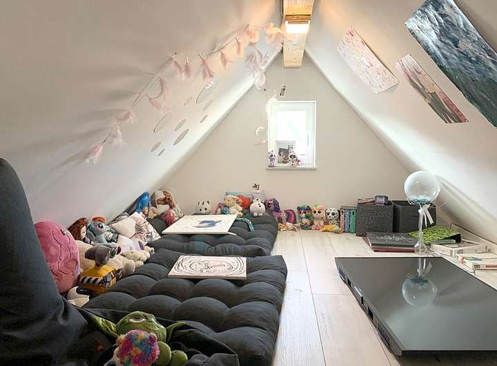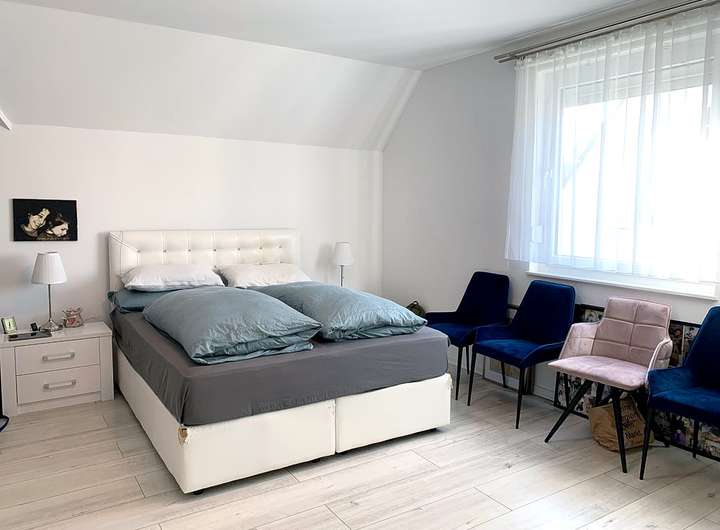 Im Oberegeschoss befindet sich neben dem Badezimmer mit Dusche, das Elternschlafzimmer und ein weiteres Zimmer. Von diesem aus erreichen Sie auch das wohnlich ausgebauten Dachgeschoss, welches viel Potenzial bietet.
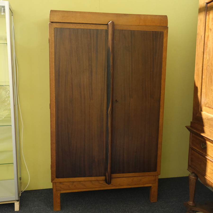 Een jaren '20 Amsterdamse School kledingkast met coromandelhouten greep
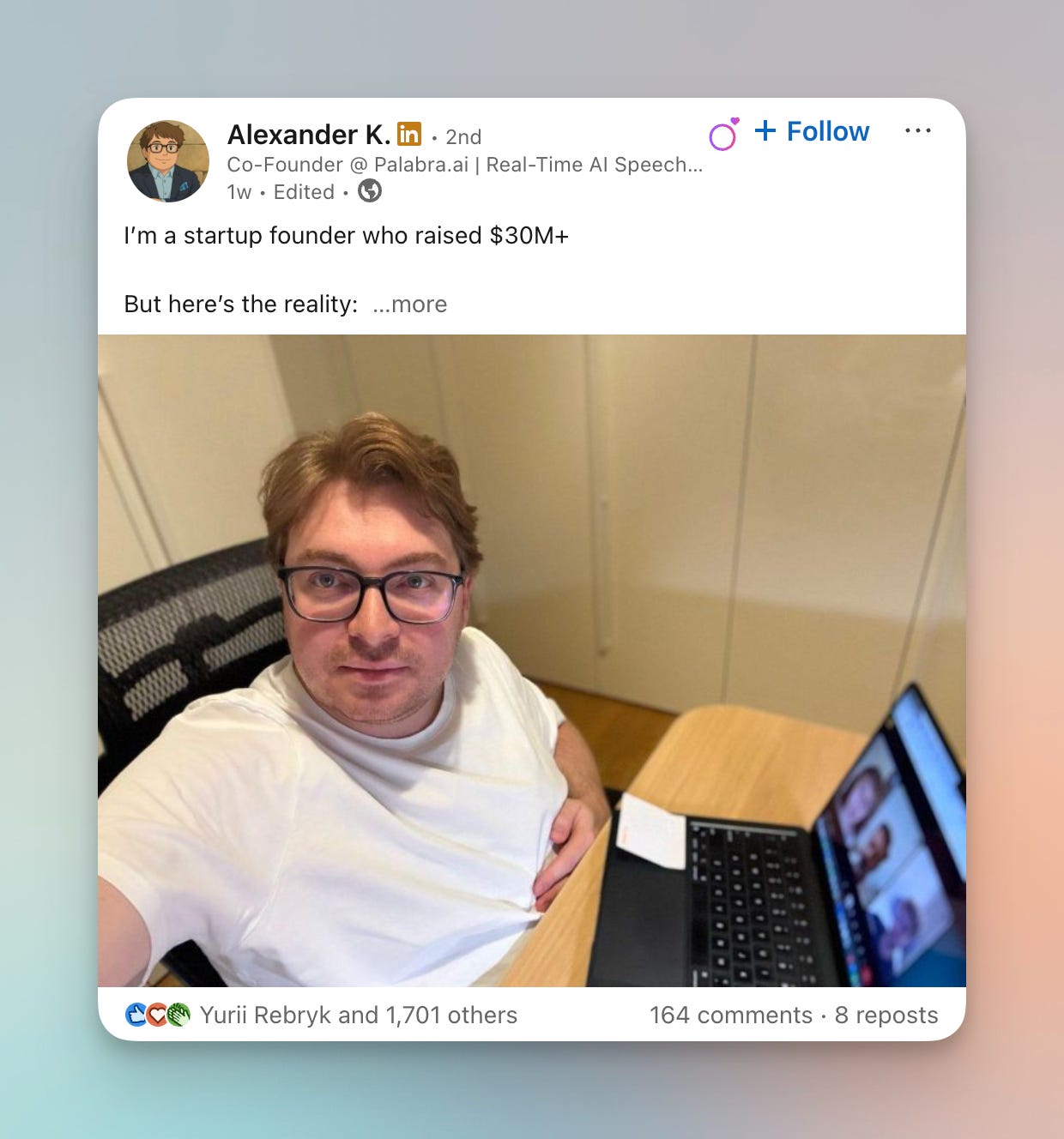 This post destroyed a pervasive myth that raising money equals instant wealth and success. The casual selfie in a t-shirt working from a basic setup was perfect - it didn’t match what people imagine a “$30M raised” founder looks like.
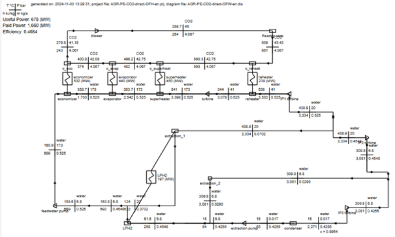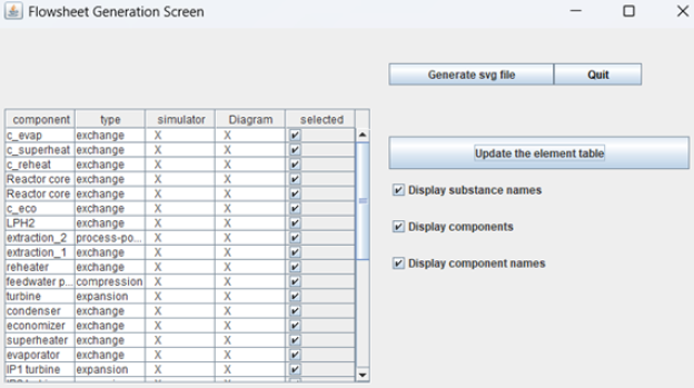 The generation is good, but the three units of the IP turbine are not aligned, making it difficult to display them as in the above flowsheet. Additionally, the connection between the nuclear reactor and the reheater is routed downwards, whereas the component intended to illustrate this reactor has an input at the bottom and an output at the top.
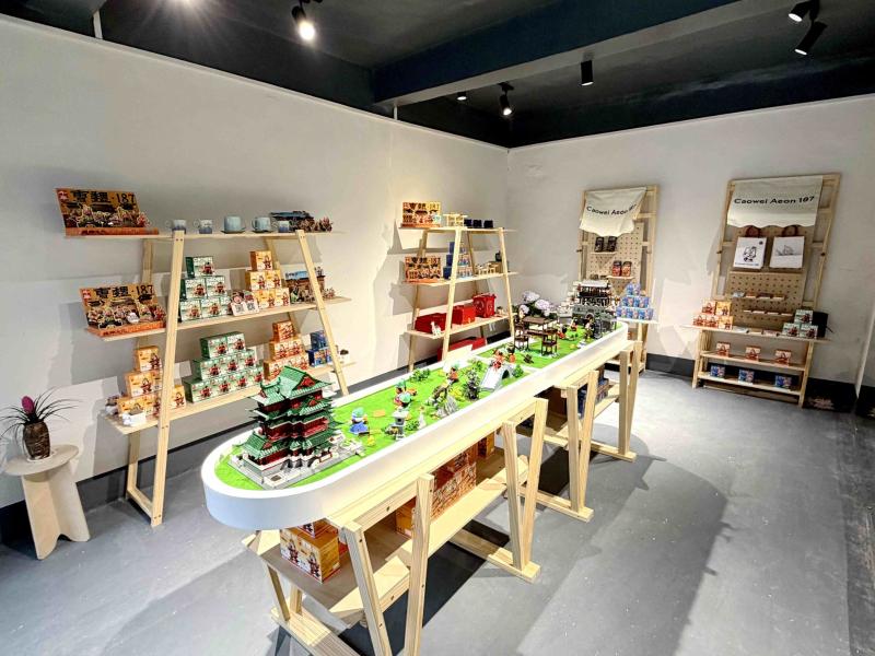 走进园区,东侧集中布局的五大特色功能空间人头攒动。曹小胖、关二哥原创IP潮玩馆内,全国独有的手工沙盘实景构建起沉浸式三国文化场景,人物模型栩栩如生,历史风云仿佛触手可及。两大IP以三国历史人物为原型原创打造,已推出多款潮流形象,盲盒预售量突破5000组,成为园区最具市场号召力的文创产品。曹魏文化衍生品专区里,魏王杯、主公下午茶钧瓷杯等特色文创吸引了不少年轻人细细把玩,魏八美文化饰品专区的手串、文创饰品也颇受青睐。
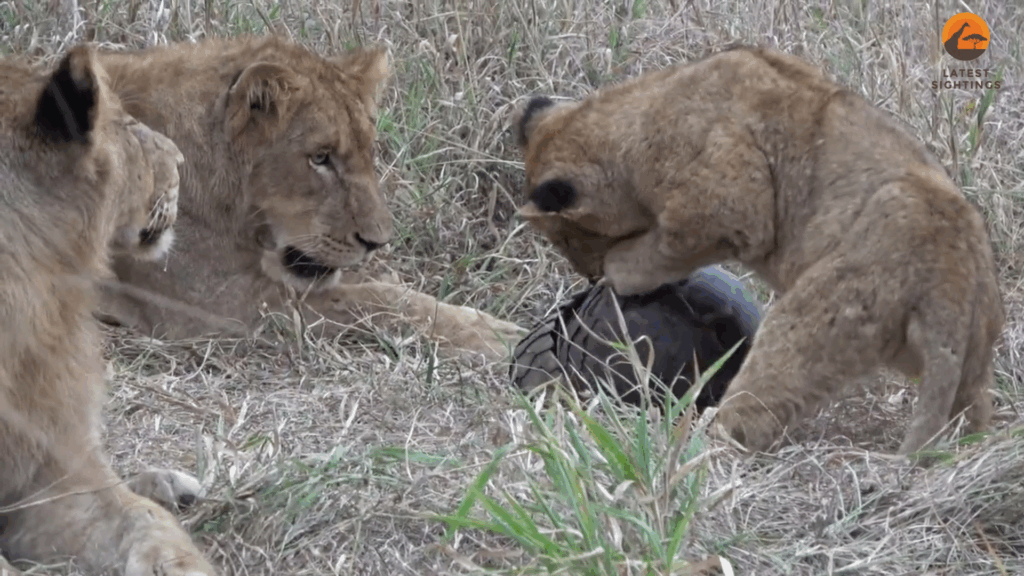 In the next scene, we see that one of the cubs seems to have found a ball to play with. Watched by its younger sibling, it holds the ball steady while trying to bite it.

WHAT THE EXERCISE ASKS: Only one thing is wanted here, an exact copy of the lines from the first line above through the line containing "This post destroyed", minus any picture.

SOLUTION FOR THIS TASK:
 Im Oberegeschoss befindet sich neben dem Badezimmer mit Dusche, das Elternschlafzimmer und ein weiteres Zimmer. Von diesem aus erreichen Sie auch das wohnlich ausgebauten Dachgeschoss, welches viel Potenzial bietet.
 Een jaren '20 Amsterdamse School kledingkast met coromandelhouten greep
 This post destroyed a pervasive myth that raising money equals instant wealth and success. The casual selfie in a t-shirt working from a basic setup was perfect - it didn’t match what people imagine a “$30M raised” founder looks like.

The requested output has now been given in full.